#### About this exercise
Any pictures in the records below must be left out when you repeat the lines from the line containing "Northern Gannett at" through the line containing "Some of the" exactly.

#### Record excerpts
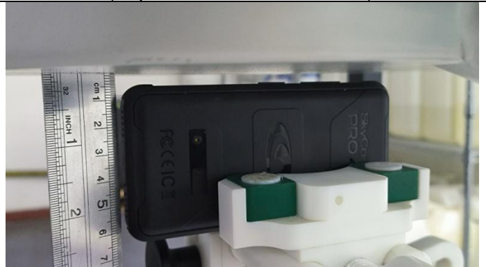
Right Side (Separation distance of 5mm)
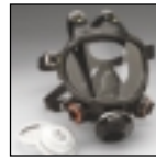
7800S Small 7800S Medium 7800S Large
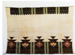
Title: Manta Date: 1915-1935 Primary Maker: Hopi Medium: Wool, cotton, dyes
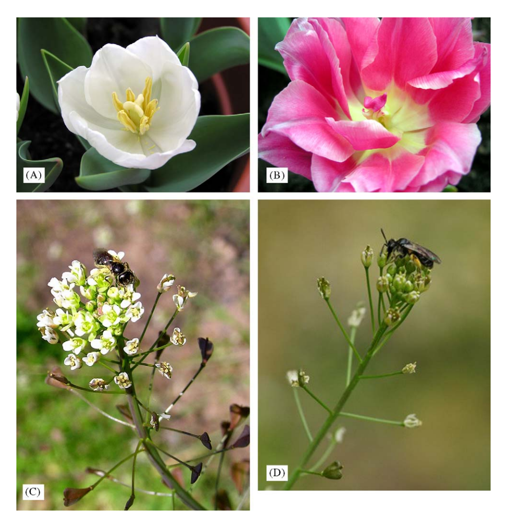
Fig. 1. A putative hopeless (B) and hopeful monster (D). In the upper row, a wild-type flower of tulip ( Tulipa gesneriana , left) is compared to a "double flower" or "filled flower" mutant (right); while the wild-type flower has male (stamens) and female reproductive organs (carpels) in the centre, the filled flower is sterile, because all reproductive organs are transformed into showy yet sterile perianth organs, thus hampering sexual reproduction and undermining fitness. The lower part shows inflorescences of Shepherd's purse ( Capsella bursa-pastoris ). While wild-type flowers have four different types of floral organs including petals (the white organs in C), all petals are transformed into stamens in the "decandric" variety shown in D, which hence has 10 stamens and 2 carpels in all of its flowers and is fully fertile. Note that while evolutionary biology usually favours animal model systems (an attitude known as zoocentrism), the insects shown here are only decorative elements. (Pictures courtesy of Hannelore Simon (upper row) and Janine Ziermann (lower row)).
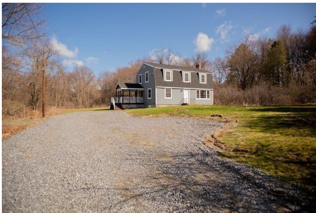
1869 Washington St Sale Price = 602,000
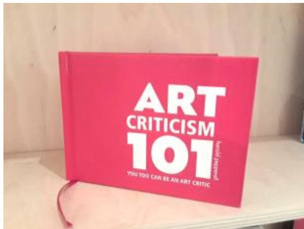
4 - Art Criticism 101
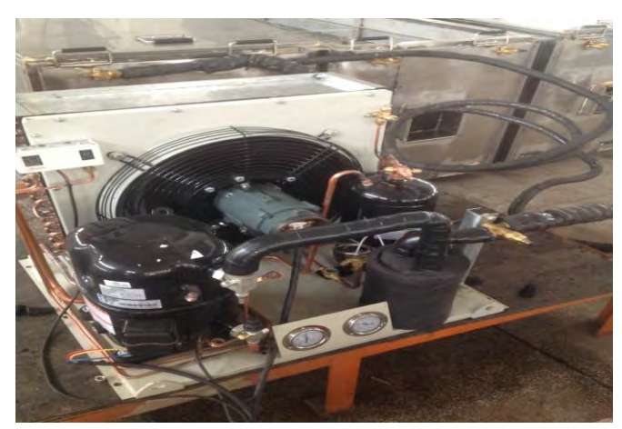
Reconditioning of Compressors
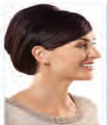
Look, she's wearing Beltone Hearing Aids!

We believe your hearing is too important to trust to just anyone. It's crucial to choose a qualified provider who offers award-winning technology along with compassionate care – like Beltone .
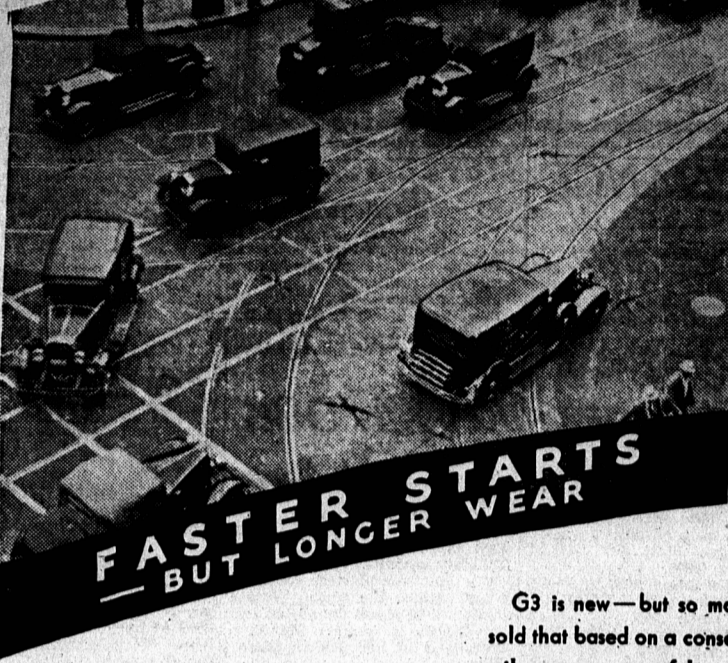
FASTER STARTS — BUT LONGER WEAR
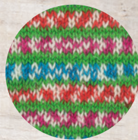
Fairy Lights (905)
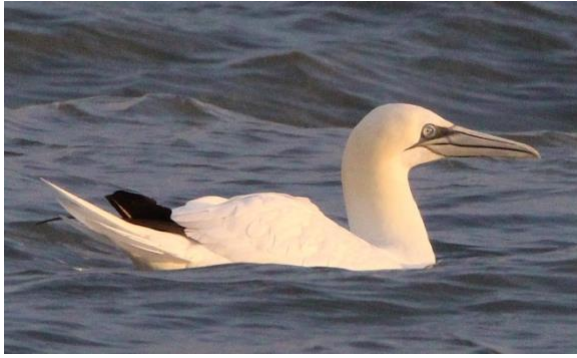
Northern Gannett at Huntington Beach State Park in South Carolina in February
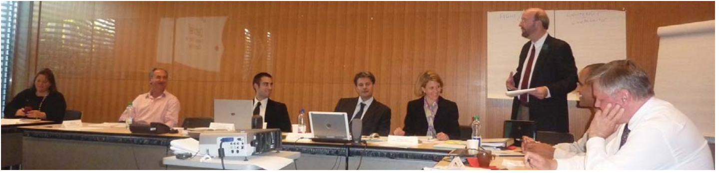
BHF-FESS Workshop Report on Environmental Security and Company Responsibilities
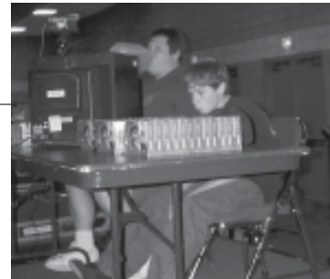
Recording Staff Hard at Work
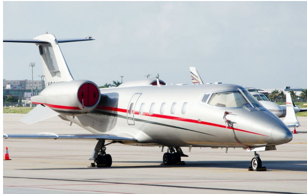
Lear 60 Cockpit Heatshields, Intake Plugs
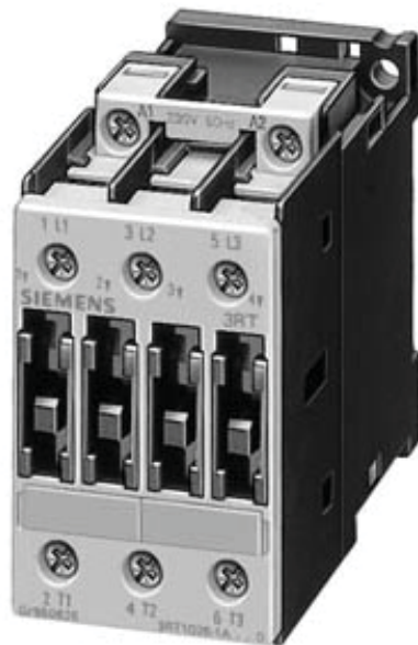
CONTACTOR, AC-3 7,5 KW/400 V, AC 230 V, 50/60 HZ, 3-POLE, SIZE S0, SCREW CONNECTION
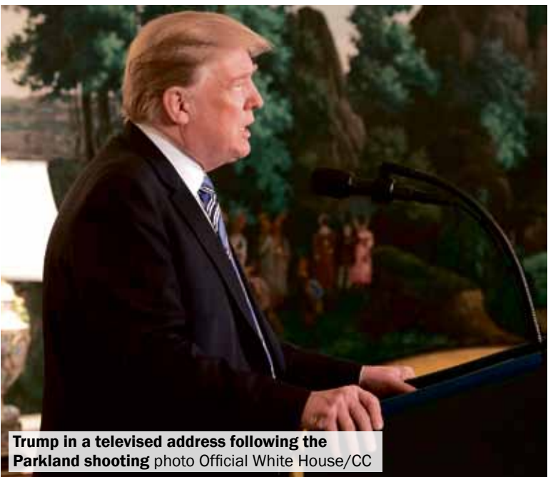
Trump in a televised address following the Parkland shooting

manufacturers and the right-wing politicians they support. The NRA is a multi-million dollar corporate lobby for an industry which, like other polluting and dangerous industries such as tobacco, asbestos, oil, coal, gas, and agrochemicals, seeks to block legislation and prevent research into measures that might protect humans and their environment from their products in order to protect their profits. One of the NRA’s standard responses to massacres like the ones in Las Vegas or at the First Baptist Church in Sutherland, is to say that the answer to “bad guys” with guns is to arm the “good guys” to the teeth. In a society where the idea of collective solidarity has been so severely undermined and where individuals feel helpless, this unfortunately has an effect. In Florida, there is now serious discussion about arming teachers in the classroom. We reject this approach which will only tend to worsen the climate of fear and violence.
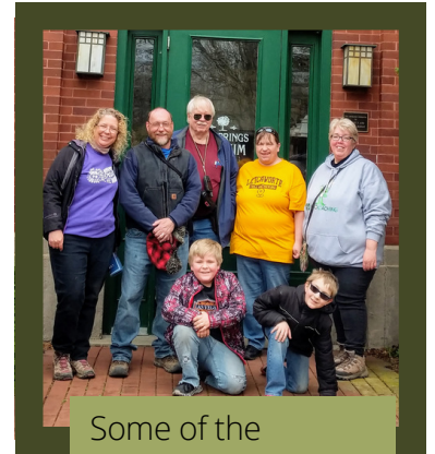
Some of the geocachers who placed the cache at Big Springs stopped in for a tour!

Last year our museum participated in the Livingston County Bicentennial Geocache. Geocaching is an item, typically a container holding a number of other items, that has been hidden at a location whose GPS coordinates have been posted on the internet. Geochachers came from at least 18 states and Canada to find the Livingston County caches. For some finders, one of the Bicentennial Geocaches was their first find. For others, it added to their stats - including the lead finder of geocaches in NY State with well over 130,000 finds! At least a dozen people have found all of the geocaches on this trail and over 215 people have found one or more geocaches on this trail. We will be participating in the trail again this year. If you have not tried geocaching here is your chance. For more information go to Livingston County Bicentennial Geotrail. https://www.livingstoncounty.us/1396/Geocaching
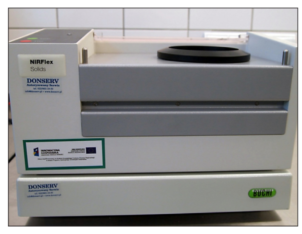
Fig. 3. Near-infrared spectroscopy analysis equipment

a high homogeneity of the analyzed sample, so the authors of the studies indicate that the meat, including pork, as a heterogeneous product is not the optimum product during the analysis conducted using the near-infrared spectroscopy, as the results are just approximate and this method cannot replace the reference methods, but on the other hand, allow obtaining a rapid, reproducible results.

#### Result of this task
Northern Gannett at Huntington Beach State Park in South Carolina in February
BHF-FESS Workshop Report on Environmental Security and Company Responsibilities
Recording Staff Hard at Work
Lear 60 Cockpit Heatshields, Intake Plugs
CONTACTOR, AC-3 7,5 KW/400 V, AC 230 V, 50/60 HZ, 3-POLE, SIZE S0, SCREW CONNECTION
Trump in a televised address following the Parkland shooting

manufacturers and the right-wing politicians they support. The NRA is a multi-million dollar corporate lobby for an industry which, like other polluting and dangerous industries such as tobacco, asbestos, oil, coal, gas, and agrochemicals, seeks to block legislation and prevent research into measures that might protect humans and their environment from their products in order to protect their profits. One of the NRA’s standard responses to massacres like the ones in Las Vegas or at the First Baptist Church in Sutherland, is to say that the answer to “bad guys” with guns is to arm the “good guys” to the teeth. In a society where the idea of collective solidarity has been so severely undermined and where individuals feel helpless, this unfortunately has an effect. In Florida, there is now serious discussion about arming teachers in the classroom. We reject this approach which will only tend to worsen the climate of fear and violence.
Some of the geocachers who placed the cache at Big Springs stopped in for a tour!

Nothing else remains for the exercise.